Мнений, подобных этому, придерживался и мой молодой друг. Поэтому следует принять во внимание, что ничем не омраченная радость, которой отмечена его жизнь, была в значительной мере заранее обусловлена. И в самом деле: если бы мистер Эллисон располагал меньшими способностями к бессознательной философии, которая порой с большим успехом заменяет жизненный опыт, он обнаружил бы себя самого, вместе со своей невероятной жизненной удачей, посреди того водоворота горя и бедствий, который неизбежно разверзается перед людьми хоть сколько-нибудь незаурядными.
Но я вовсе не ставлю своей целью сочинение трактата о счастье. Идеи моего друга можно изложить в нескольких словах. Он допускал лишь четыре простых основания, или, вернее, четыре условия блаженства. Главным условием он считал (странно, не правда ли?) всего лишь физические упражнения на свежем воздухе. «Здоровье, достигаемое иными средствами или способами, — утверждал он, — недостойно называться здоровьем». Он приводил в качестве примера чистого блаженства охоту на лис и указывал на землекопов как на единственных людей, которые в целом могут справедливо считаться счастливее прочих. Вторым условием была женская любовь. Третьим, и наиболее трудно осуществимым, — презрение к честолюбивым помыслам. Четвертым — цель, которая требует постоянного к себе стремления. Эллисон держался того мнения, что степень достигнутого счастья пропорциональна духовности и возвышенности этой цели.
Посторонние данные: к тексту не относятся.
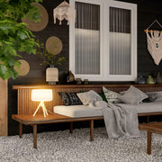 Newgarden's Chloe lamp is a unique piece of decor that features wooden legs, making it perfect for enhancing the ambiance of both indoor and outdoor spaces. Its combination of wood and polyethylene gives it a distinct look that can add a touch of elegance to any room. The lamp comes in In & Out finishes and is equipped with a remote control that allows you to adjust the intensity dimmer, temperature, and light color.
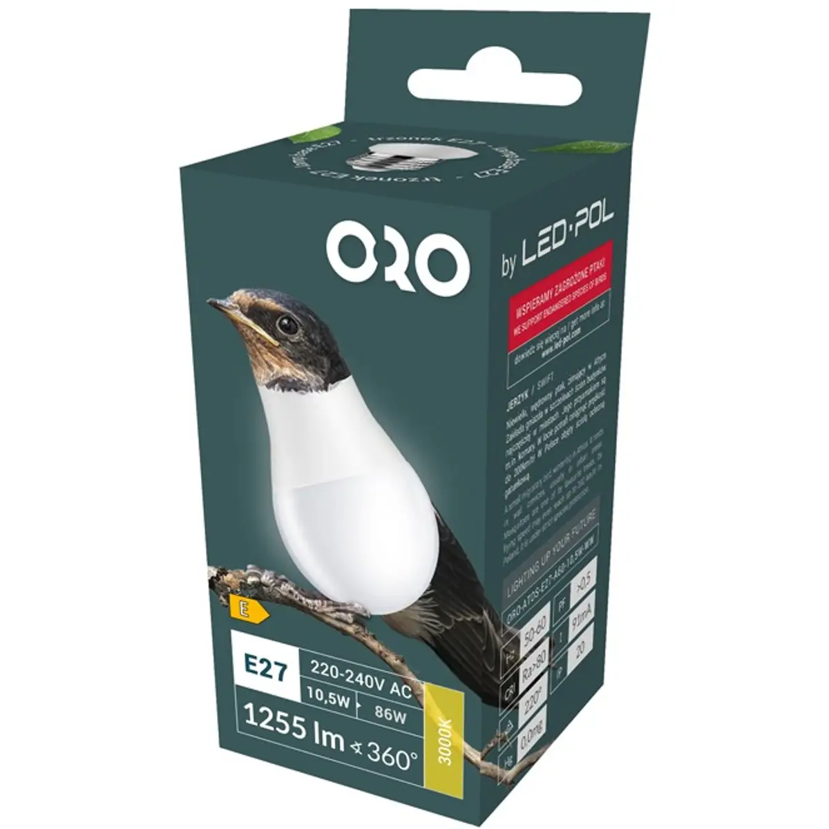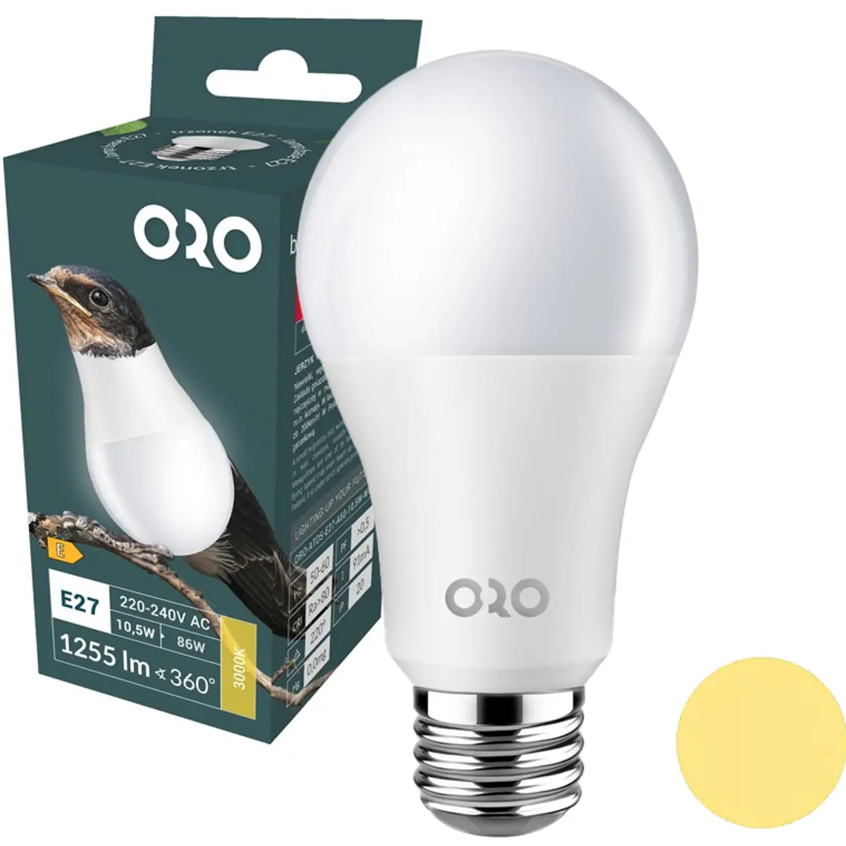 LED POL ORO-ATOS-E27-A60-10,5W-WW - Lâmpada E27 LED 230V 10.5W 3000K (branco quente) 1255lm

Замечателен был непрерывный поток даров, которые фортуна в изобилии обрушивала на мистера Эллисона. Красотой, стройностью и грацией он превосходил всех известных мне джентльменов. Разум его был устроен таким образом, что приобретение познаний являлось для него не трудом, а, скорее, необходимостью. Он принадлежал к одному из знатнейших и влиятельнейших родов Британской империи. Его невеста была самой прелестной и самой верной и любящей из женщин. Его земельные владения были обширны. Но, когда он достиг совершеннолетия, обнаружилось, что судьба сделала его объектом одного из тех странных капризов, которые потрясают общество и почти всегда в корне меняют моральный облик того, на кого они направлены.
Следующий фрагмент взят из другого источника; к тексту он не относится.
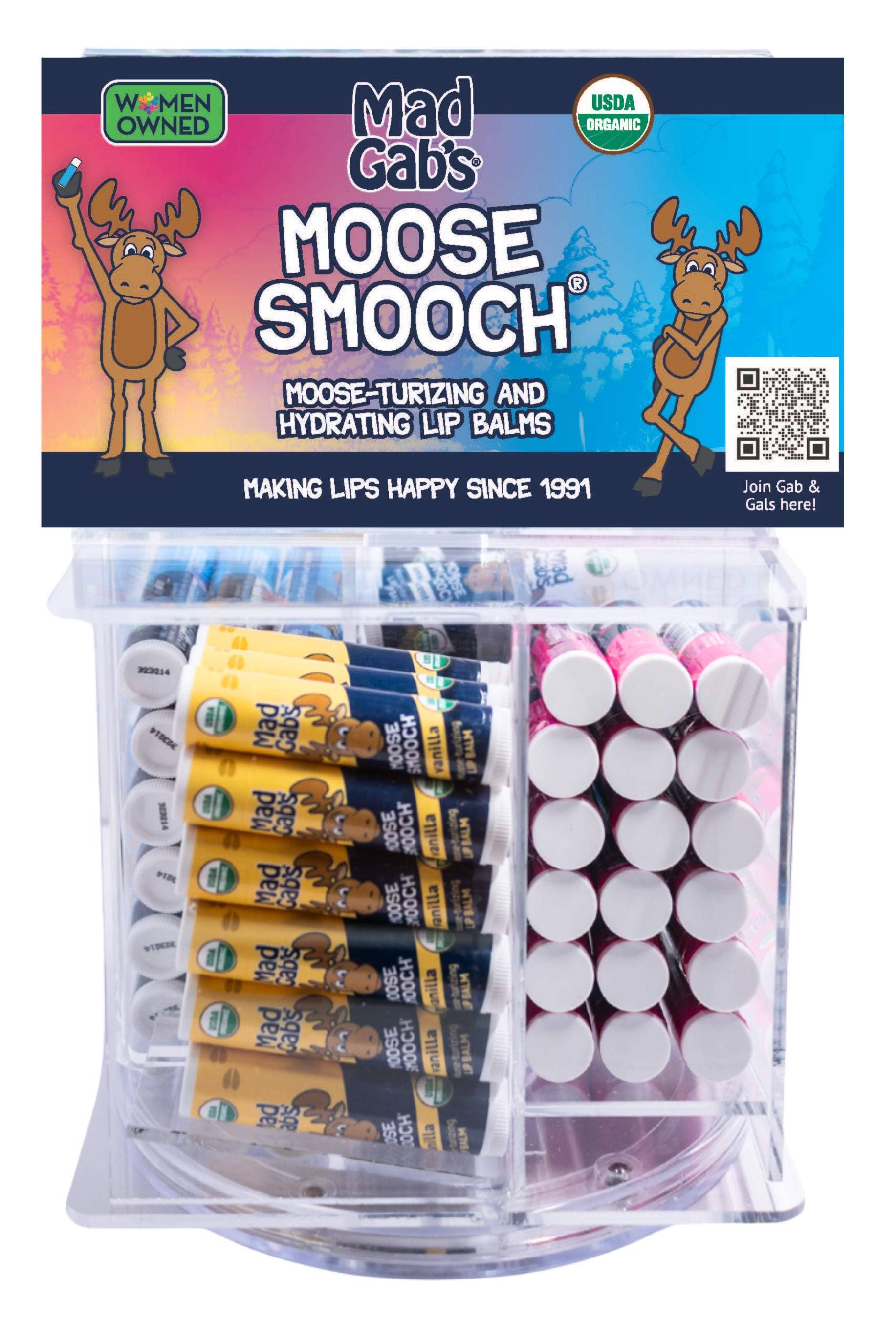 We're woman owned & run by a small and mighty crew in beautiful Maine. Mad Gab’s was founded in 1991 by Gabrielle Melchionda, when she perfected a lip balm recipe while studying anthropology and flunking math. Gab's natural lip balm was neither greasy nor waxy and when she gifted it to friends and family, they convinced her to start selling it....and Mad Gab's was born! Originally, Gab sold lip balm out of her car to Natural Food stores. Shortly after she was discovered by QVC and that level of exposure landed Mad Gab's on the pages of Vogue, Elle and countless national publications. Mad Gab's products eventually found wide success in souvenir, gift, tourist and resort industries. For many years Gab mindfully raised her two sons while juggling a growing company, and today Mad Gab’s is available in a wide array of retailers across the U.S. All of our products are made simply and organically with ingredients like Organic olive oil, Organic beeswax, Organic Shea butter, Organic cocoa butter, Organic flavor, & Vitamin E. Each order includes a whole lotta love & good vibes–and gives back through our GabGirls mentor program, where Gab helps teens start companies of their own! Every Gabgirl brings different ideas and energy to the Mad Gab's world--and every lip balm we sell helps us reach more girls. So keep that in mind as curate your assortment and when you tell friends about us. Help us spread the love! ❤️

Оказалось, что примерно за сто лет до того, как наш мистер Эллисон достиг совершеннолетия, в одной из отдаленных провинций скончался некий мистер Сибрайт Эллисон. Этот джентльмен скопил огромное состояние и, не имея прямых потомков, разработал причудливый план: позволить этому богатству расти в течение ста лет после своей смерти. До мельчайших деталей распорядившись различными вложениями, он завещал всю сумму капитала ближайшему из своих родственников, носящих фамилию Эллисон, который будет жить через сто лет. Заинтересованными лицами было предпринято множество попыток отменить это необычайное завещание; но поскольку они носили характер ex post facto[88], это обрекло их на провал. Вдобавок, к казусу было привлечено внимание правительства и через Парламент удалось провести законодательный акт, запрещающий подобные накопления. Акт этот, однако, не помешал юному Эллисону в свой двадцать первый день рождения вступить во владение наследством своего предка сэра Сибрайта, которое на тот момент составляло четыреста пятьдесят миллионов долларов.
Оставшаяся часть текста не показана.